| EXERCISE DIRECTIONS |
In the records below, find the line that contains "Refractario Cuadrado Con" and the line that contains "Maintaining these aluminum"; write out exactly those two lines and everything between them, without the pictures.

· · · · · · ·

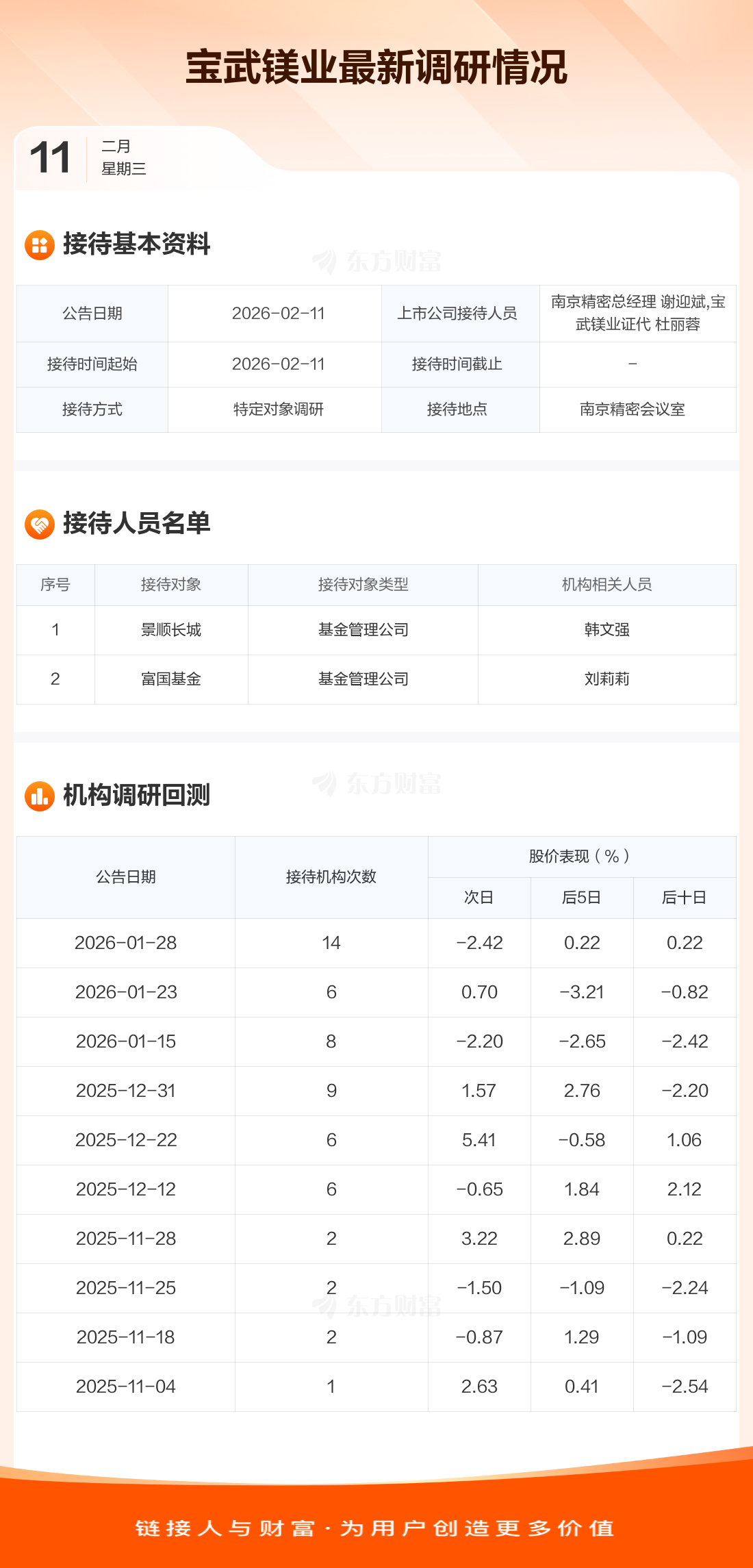 宝武镁业2月11日公告称,2月11日接待景顺长城等2家机构调研。接待人员包括南京精密总经理 谢迎斌,宝武镁业证代 杜丽蓉。
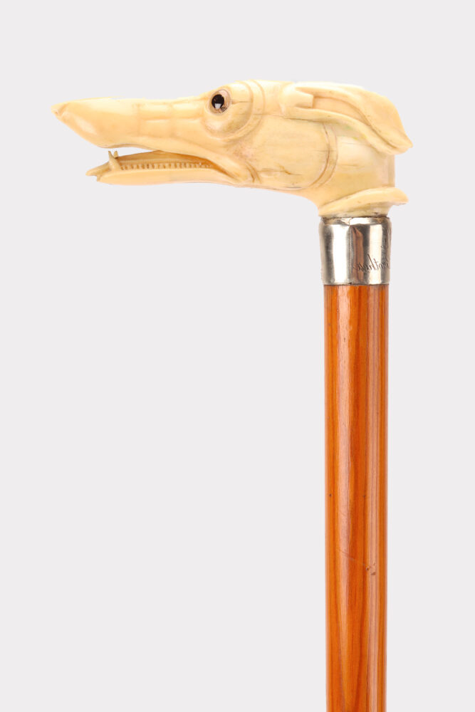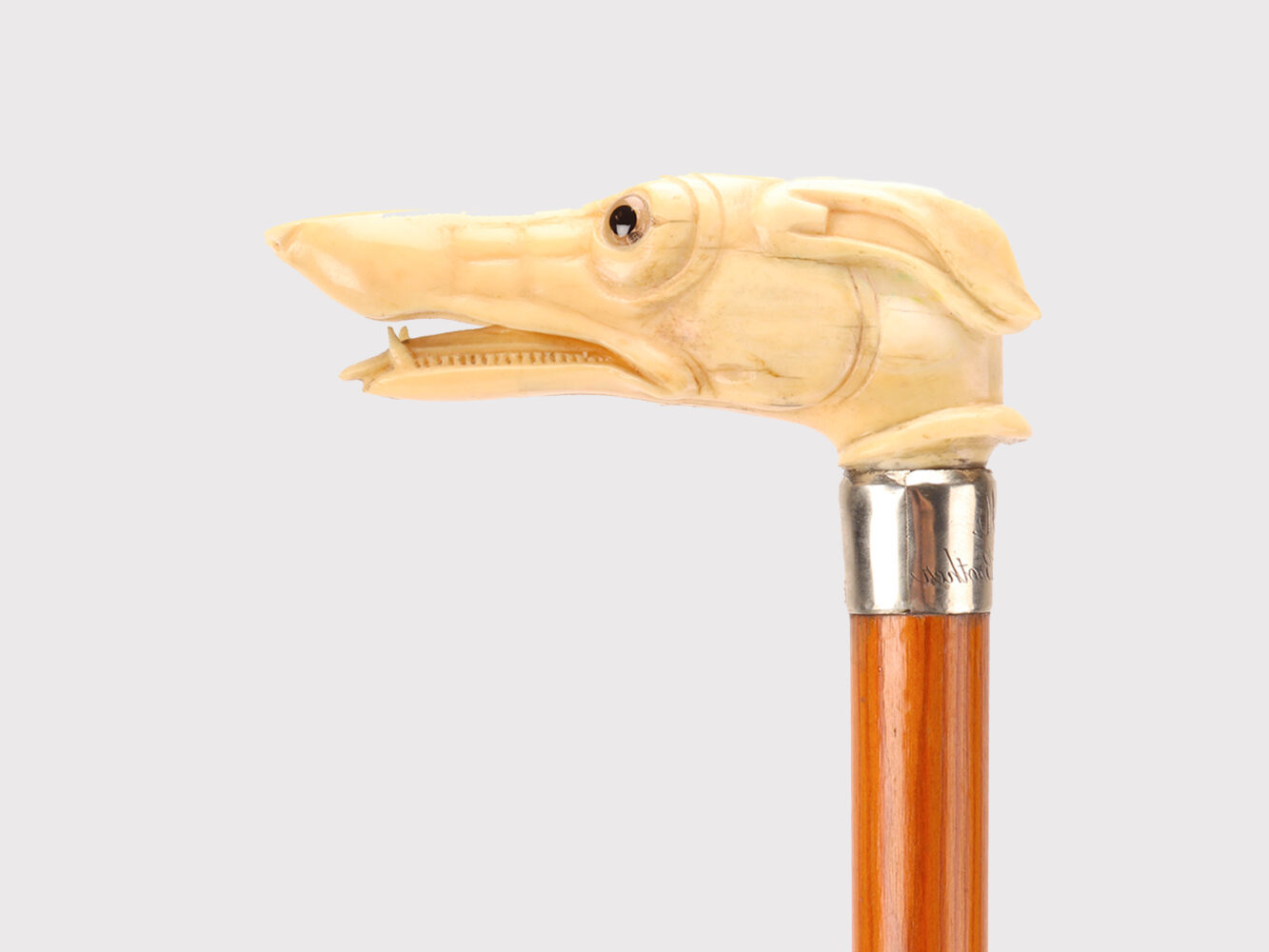 Walking stick, knob carved ivory, depicting the head of a greyhound dog. Eyes in glass paste. Silver band. The shaft made out of fruitwood. Iron tip. USA circa 1890.
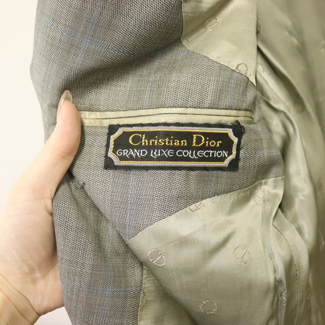 U36 80sビンテージ クリスチャンディオール 長袖テーラードジャケット■1980年代製 Sサイズくらい グレー グレンチェック アメカジ 90s
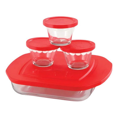 Refractario Cuadrado Con 3 Flaneras Con Tapa Vidrio Pirorey
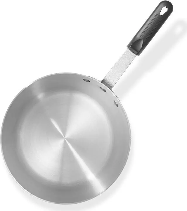 Maintaining these aluminum tapered sauce pans is straightforward, thanks to their easy-to-clean design. Although they are hand wash only, their smooth surface minimizes food residue, making cleanup quick and efficient. Hand washing helps preserve the aluminum's finish, durability, and the integrity of the riveted handles, ensuring the pans remain in excellent condition over time.
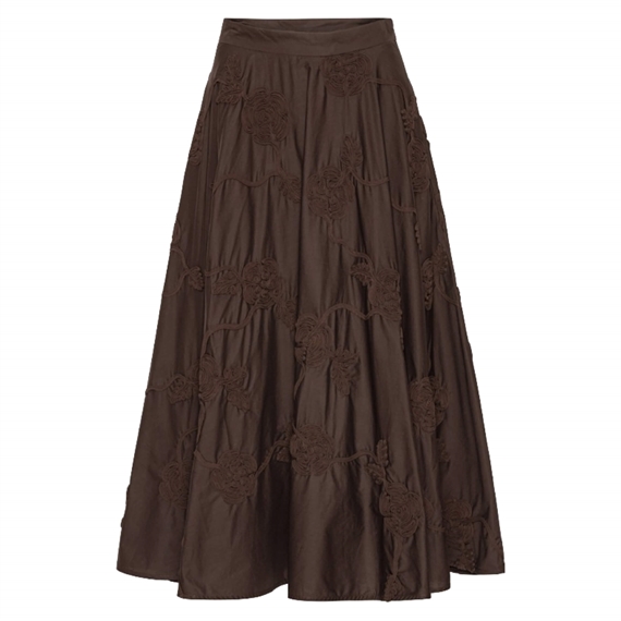 Den smukke Flower Maxi nederdel er denne elegante og romantiske maxinederdel i mørkebrun. Flower Maxi Skirt er designet i blød bomuld og pyntet med håndlavede, tredimensionelle blomsterapplikationer, der giver et eksklusivt og kunstnerisk udtryk.
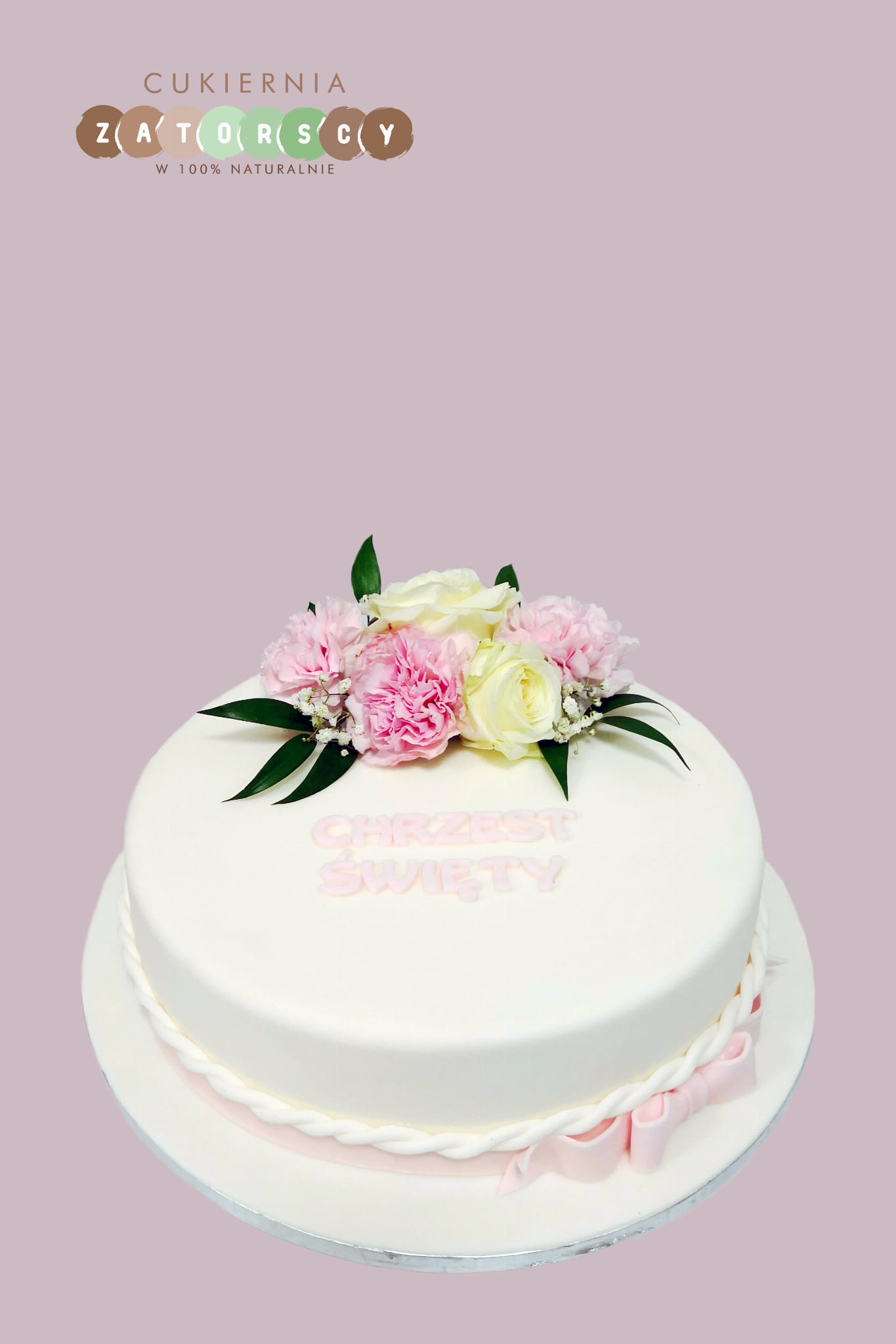 Tort na chrzest z prawdziwymi kwiatami. Dostępny na zamówienie z możliwością personalizacji wielkości oraz smaku tortu (do wyboru z listy w karcie produktu). Szczegółowy opis smaków można znaleźć poniżej.
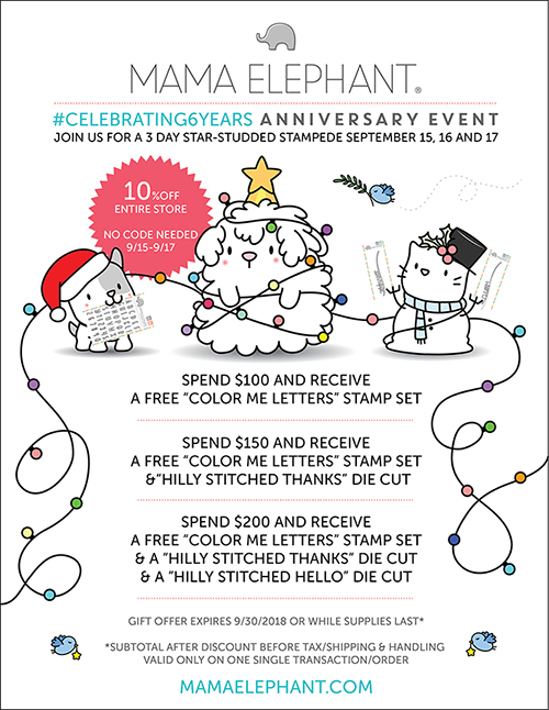 I’m so excited to be joining this very special stampede blog hop, celebrating Mama Elephant’s 6th Birthday and their September 2018 release!
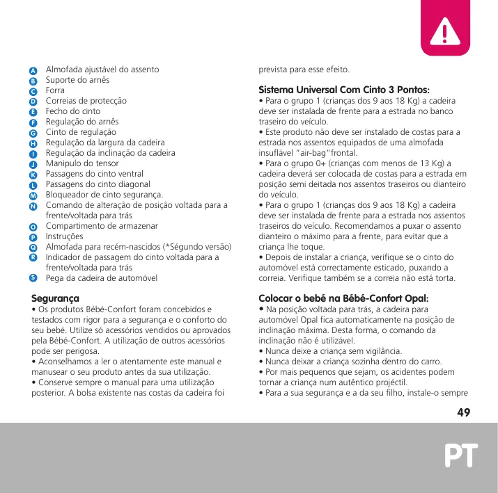 Bébé-Confort Opal no automóvel • Este dispositivo só é adequado para os automóveis aprovados e equipados com cintos 3 pontos/estáticos/ com retractor, homologados e conforme o regulamento CEE nº 16/ONU ou outra norma equivalente. • De costas para a estrada, este produto não deve ser instalado de costas para a estrada nos lugares equipados com Airbag frontal. Se puder desactivá-lo (ver manual fornecido com o seu carro), faço-o para utilizar a cadeira nesse lugar. • De frente para a estrada, a cadeira deve ser colocada no banco traseiro do automóvel ou excepcionalmente no da frente conforme a legislação em vigor no país de utilização • Este dispositivo de retenção de criança só é eficaz se forem respeitadas as instruções de utilização. • Prenda sempre o dispositivo de retenção mesmo se a criança não estiver lá. • O utilizador deve sempre verificar se a bagagem ou qualquer outro objecto susceptível de magoar a criança

· · · · · · ·

| SOLUTION |
 Refractario Cuadrado Con 3 Flaneras Con Tapa Vidrio Pirorey
 Maintaining these aluminum tapered sauce pans is straightforward, thanks to their easy-to-clean design. Although they are hand wash only, their smooth surface minimizes food residue, making cleanup quick and efficient. Hand washing helps preserve the aluminum's finish, durability, and the integrity of the riveted handles, ensuring the pans remain in excellent condition over time.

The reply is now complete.